We arrived, exhausted, late on a Sunday night at a time when most restaurants are closed. We knew that we could rely on one excellent spot to be open, so we made the fifteen minute walk from our hotel to dine at one of the most popular bistros in the city—Restaurant L’Express, open until 3 a.m. seven days a week. L’Express has a reputation for serving consistently solid, traditional French bistro fare. Though the menu does not change often, there are nightly off-the-menu specials. Upon placing your order, the server brings a canning jar of cornichons and a crock of Dijon mustard, both left on the table as condiments throughout the meal. We started with one of their famous dishes, octopus and lentil salad: thin slices of perfectly poached octopus dressed with lemon and olive oil arranged in a ring mold around an earthy lentil salad, deftly seasoned with a shallot vinaigrette. Once the mold is removed, the presentation is similar to a savory charlotte. We also ordered pork rillettes, which were impeccably prepared with the right ratio of shredded lean pork and fat, my only critique being that they would have been better served at room temperature rather than chilled.


Octopus and Lentil Salad

Given my love for organ meats, I always order offal if it’s on a menu. Cheryl and I shared an order of crisp veal sweetbreads with chanterelle mushrooms, garden peas and pea tendrils under a cloud of Parmesan foam. Continuing in the “offal” mode, I had rosy slices of quickly seared and sautéed calf’s liver in a light tarragon pan sauce reduction. Cheryl had a creditable hanger steak with pommes frites. Perhaps we should have stopped after the entrees but decided to indulge in an order of ouefs al neige—a giant quenelle of French meringue gently poached in sweetened milk, the milk then bound with egg yolks, flavored with vanilla beans and turned into a silky crème anglaise, garnished with toasted almonds and threads of spun sugar. After a dinner like that, we needed that walk back to our hotel room.

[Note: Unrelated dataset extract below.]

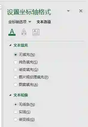 (3)右键单击“横坐标”选择“设置坐标轴格式”,单击“文本选项”中的“无填充”;
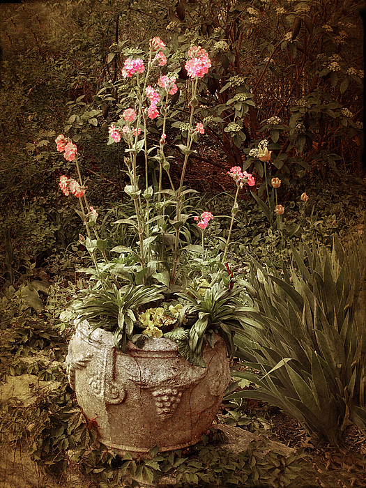 A rustic stone pot overflows with tall flowering plants and lush foliage, surrounded by a dense and verdant garden landscape. The muted tones add a vintage feel to the scene.

The following day, after taking a riverboat tour of the St. Lawrence River around the island of Montreal, we had lunch at one of our favorite ethnic restaurants in North America: Stash Café, which specializes in homestyle Polish cooking. The tripe soup, pierogies (of any kind) and the perfectly executed pork schnitzel are well worth the visit.

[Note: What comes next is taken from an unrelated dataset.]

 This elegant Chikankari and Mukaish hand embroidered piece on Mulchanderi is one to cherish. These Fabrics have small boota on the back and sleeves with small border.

While researching the Montreal dining scene before our trip, one newcomer intrigued me: Le Comptoir Charcuteries et Vin, a restaurant of 40-50 seats serving a contemporary French-Canadian menu of small tasting plates and an extensive list of charcuterie and house-cured meats. It’s a neighborhood establishment where the service transcends warm, friendly and gracious. However, it was the food that left us speechless. We loved our first meal there so much that we cancelled a dinner reservation at another restaurant and returned three nights later. It is hard to find superlatives adequate enough to do justice to the chef and his execution of a very labor-intensive menu. The kitchen opens directly into the dining room and there are only three people working on the line including Chef Ségué Lepage. I highly recommend virtually every dish, as we sampled almost the entire menu during our two visits—easily the best two meals we’ve had in 2016 (and quite possibly in 2015 as well). Though all dishes were memorable, here are my favorites: house-cured porchetta di testa served with goat cheese fritters and ribbons of pickled zucchini; lobster tart on a savory sablé with tomato confit, tarragon crème fraîche, roquette and gently stewed white onions; tataki of seared veal loin with a purée of sage, Marsala wine reduction, fried sweetbreads and marinated radish salad; and wild blue pleurote mushrooms from Ontario with crab mayonnaise, landjäger sausage, wild garlic and dill. Go to Le Comptoir and you will not be disappointed!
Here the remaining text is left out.